The above exception was the direct cause of the following exception:
Traceback (most recent call last):
File "issue.py", line 79, in <module>
main()
File "issue.py", line 44, in main
sample = pm.sample_smc() # Exception has occurred: NotImplementedError
^^^^^^^^^^^^^^^
File "\envs\pymc\Lib\site-packages\pymc\smc\sampling.py", line 213, in sample_smc
results = run_chains_parallel(
^^^^^^^^^^^^^^^^^^^^
File "\envs\pymc\Lib\site-packages\pymc\smc\sampling.py", line 390, in run_chains_parallel
results = _starmap_with_kwargs(
^^^^^^^^^^^^^^^^^^^^^
File "\envs\pymc\Lib\site-packages\pymc\smc\sampling.py", line 417, in _starmap_with_kwargs
return pool.starmap(_apply_args_and_kwargs, args_for_starmap)

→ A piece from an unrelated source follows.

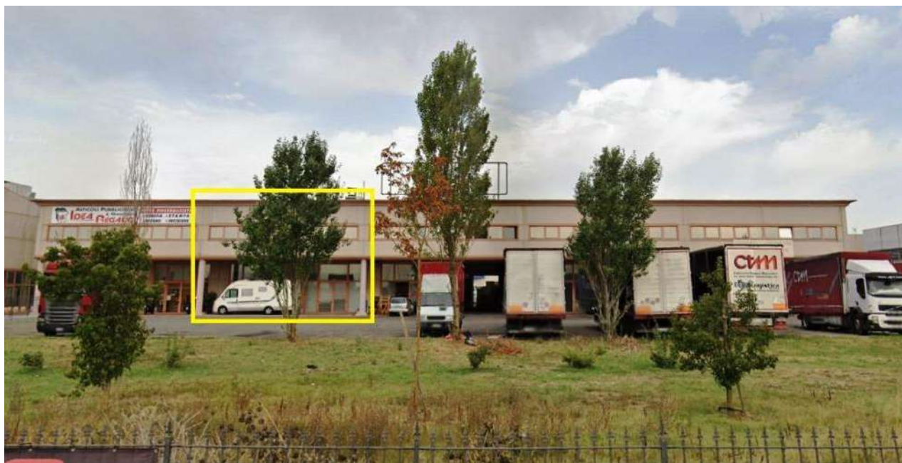
VISTA PROSPETTO SUD DEL COMPLESSO "GIULIO CESARE" DALLA VIA BOLLANA E INDICAZIONE DELL'UNITA' IN OGGETTO

^^^^^^^^^^^^^^^^^^^^^^^^^^^^^^^^^^^^^^^^^^^^^^^^^^^^^^
File "\envs\pymc\Lib\multiprocessing\pool.py", line 375, in starmap
return self._map_async(func, iterable, starmapstar, chunksize).get()
^^^^^^^^^^^^^^^^^^^^^^^^^^^^^^^^^^^^^^^^^^^^^^^^^^^^^^^^^^^^^
File "\envs\pymc\Lib\multiprocessing\pool.py", line 774, in get
raise self._value
NotImplementedError: Logprob method not implemented for CustomDist_y_rv{0, (0, 0), floatX, False}
PyMC version information:
Python 3.11.7
pymc 5.10.0
pytensor 2.18.6
Win 10
Environment set up via conda but updated pymc and pytensor with pip
Also fails with these environments
conda_env.txt
conda_env_dev.txt
Context for the issue:
I'm testing a model which suffers from slow sampling, possibly due to expensive gradient calculations. I tested SMC as a possible solution as suggested on the forums but got this error message.
Using the dist
argument could work in most cases, but there's cases when the distributions provided by pymc
are not enough. Using pm.Potential
could help with sampling but that would in turn make forward sampling less straightforward.